An Inverted Cruciform Lateral Retinacular Release to Correct Severe Valgus Deformity

An inverted cruciform lateral retinacular release effectively corrects a severe valgus deformity and avoids the need for a lateral collateral ligament (LCL) release.7

Figure 7.
The release is best done after bone resection but without trial components in place, because this facilitates exposure to the lateral retinaculum (Figure 8).
Figure 8.
The lateral superior genicular vessels should be identified and preserved. The vertical part of the release begins distal to the vessels and ends at the tibial resection. The horizontal limbs extend posteriorly short of the LCL and anteriorly short of the patellar tendon. If the extent of this release does not sufficiently balance the knee, it can be propagated by placing trial components with an insert thickness that stabilizes the medial side. Under this circumstance, the tight lateral side will now prohibit full passive extension. With gentle manipulation of the knee into extension, the lateral release will be propagated to its appropriate length. Postoperative perineal nerve palsies are rare with this technique. Immediate postoperative assessment, however, should always be done and the patient’s dressing loosened and their knee placed in flexion if there is any concern. Almost all of these rare palsies make a complete recovery.

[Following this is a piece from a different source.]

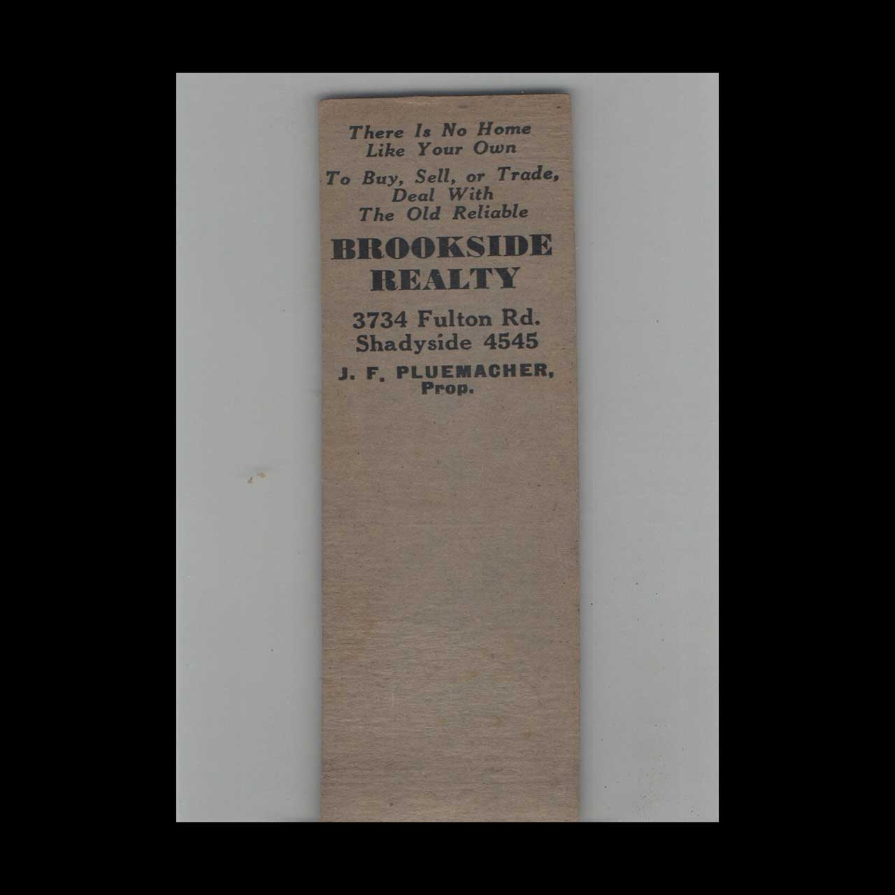 Vintage matchbook cover advertising Full Length Buy A Home Brookside Realty.

Relieving Posterior Femoral Impingement

Uncapped posterior condylar bone or retained posterior osteophytes can limit both flexion and extension and cause impingement. Trimming the posterior femoral condyles and removing posterior osteophytes is best accomplished using a trial femoral component as a template.4 A curved osteotome is passed tangential to the metallic condyles to define the bone requiring resection. After removal of the trial, the outlined bone can be easily and accurately resected.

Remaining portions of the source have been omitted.